# [Records shown]
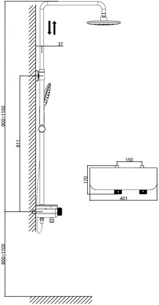 Дополнительные функции | регулировка по высоте душевой штанги |
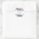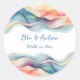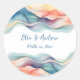 Um adesivo de Casamento moderno desenhado numa onda de cor abstrato brilhante, com texto azul profundo, sobre fundo branco. O texto inclui: Nomes e data de casamento da noiva e do noivo. Para personalizar, basta inserir seus detalhes em nosso modelo fácil, substituindo o texto de exemplo. Certifique-se de ver toda a Coleção de Casamentos de Ondas de Cores Modernas de Abstrato para cartões e acessórios correspondentes.
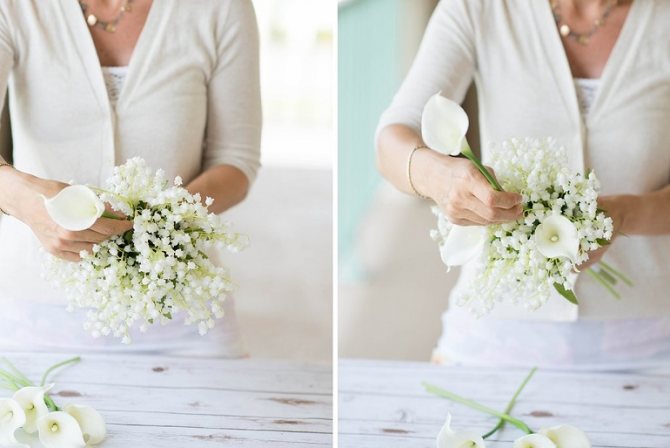 Приступаем к сборке. Начинаем с ландышей, формируя лёгкое, снежно-белое облачко. Для увеличения объёма, укладываем растения по спирали. Между ландышами располагаем акцентные каллы.
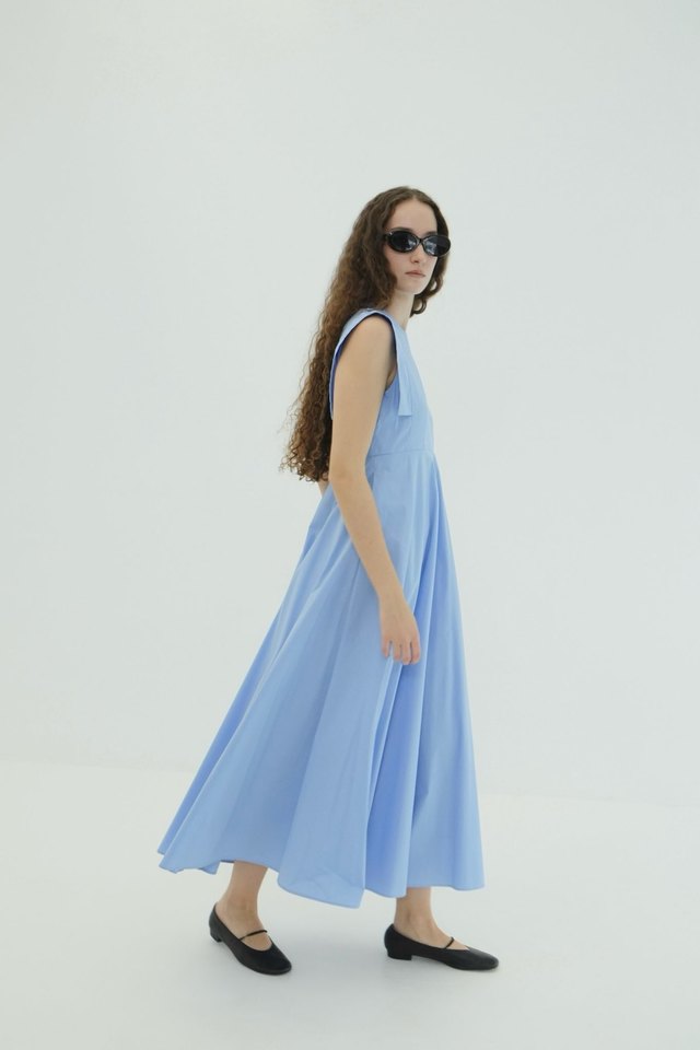 襟元はスラッシュネックで、さりげなくデコルテを見せることで自然な余白が生まれます。反対側はチョーカーのようなディテールになっており、前後で異なる表情を楽しめるのもポイントです。
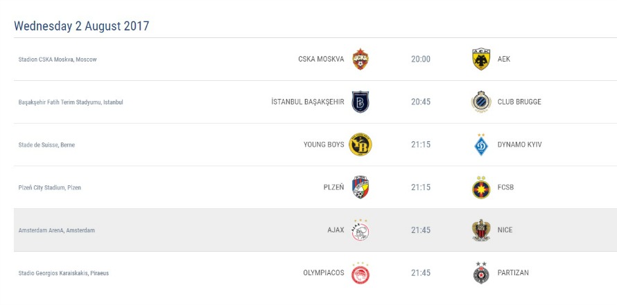 Για τις 2 Αυγούστου έχει ορίσει η UEFA στο πρόγραμμά της τη ρεβάνς του Ολυμπιακού με την Παρτιζάν στο γήπεδο Καραϊσκάκη για τον 3ο προκριματικό του Champions League.
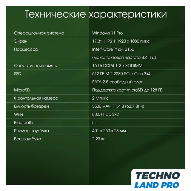 1920 x 1080 IPS, Intel Core i3 1215U, 16 ГБ, SSD 512 ГБ, встроенная, Windows 11 Pro, цвет крышки серый
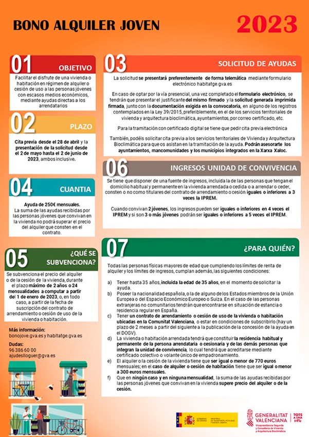 El Diario Oficial de la Generalitat Valenciana ha publicado la convocatoria de la Vicepresidencia Segunda y Conselleria de Vivienda y Arquitectura Bioclimática, relativa al Bono de Alquiler Joven para la edición 2023-24.
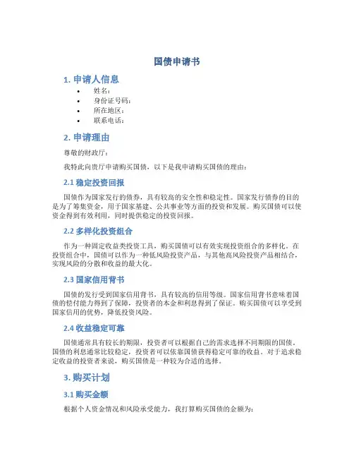 3. 购买计划3.1 购买金额根据个人资金情况和风险承受能力,我打算购买国债的金额为:•人民币(大写):•人民币(小写):3.2 购买期限我计划购买以下期限的国债:•期限1:•期限2:•期限3:3.3 购买途径我打算通过以下方式购买国债:•渠道1:•渠道2:•渠道3:4. 申请材料请在申请材料中包括以下文件:•身份证复印件•银行账户信息•其他支持材料5. 联系方式如有任何问题或需要进一步了解,请联系我:•姓名:•联系电话:•电子邮箱:6. 结语感谢贵厅对我申请的关注和支持,希望能够成功购买国债并实现稳定的投资回报。

# [Problem to work on]
Without the pictures, repeat the listing word for word.

# [Answer box]
 Дополнительные функции | регулировка по высоте душевой штанги |
 Um adesivo de Casamento moderno desenhado numa onda de cor abstrato brilhante, com texto azul profundo, sobre fundo branco. O texto inclui: Nomes e data de casamento da noiva e do noivo. Para personalizar, basta inserir seus detalhes em nosso modelo fácil, substituindo o texto de exemplo. Certifique-se de ver toda a Coleção de Casamentos de Ondas de Cores Modernas de Abstrato para cartões e acessórios correspondentes.
 Приступаем к сборке. Начинаем с ландышей, формируя лёгкое, снежно-белое облачко. Для увеличения объёма, укладываем растения по спирали. Между ландышами располагаем акцентные каллы.
 襟元はスラッシュネックで、さりげなくデコルテを見せることで自然な余白が生まれます。反対側はチョーカーのようなディテールになっており、前後で異なる表情を楽しめるのもポイントです。
 Για τις 2 Αυγούστου έχει ορίσει η UEFA στο πρόγραμμά της τη ρεβάνς του Ολυμπιακού με την Παρτιζάν στο γήπεδο Καραϊσκάκη για τον 3ο προκριματικό του Champions League.
 1920 x 1080 IPS, Intel Core i3 1215U, 16 ГБ, SSD 512 ГБ, встроенная, Windows 11 Pro, цвет крышки серый
 El Diario Oficial de la Generalitat Valenciana ha publicado la convocatoria de la Vicepresidencia Segunda y Conselleria de Vivienda y Arquitectura Bioclimática, relativa al Bono de Alquiler Joven para la edición 2023-24.
 3. 购买计划3.1 购买金额根据个人资金情况和风险承受能力,我打算购买国债的金额为:•人民币(大写):•人民币(小写):3.2 购买期限我计划购买以下期限的国债:•期限1:•期限2:•期限3:3.3 购买途径我打算通过以下方式购买国债:•渠道1:•渠道2:•渠道3:4. 申请材料请在申请材料中包括以下文件:•身份证复印件•银行账户信息•其他支持材料5. 联系方式如有任何问题或需要进一步了解,请联系我:•姓名:•联系电话:•电子邮箱:6. 结语感谢贵厅对我申请的关注和支持,希望能够成功购买国债并实现稳定的投资回报。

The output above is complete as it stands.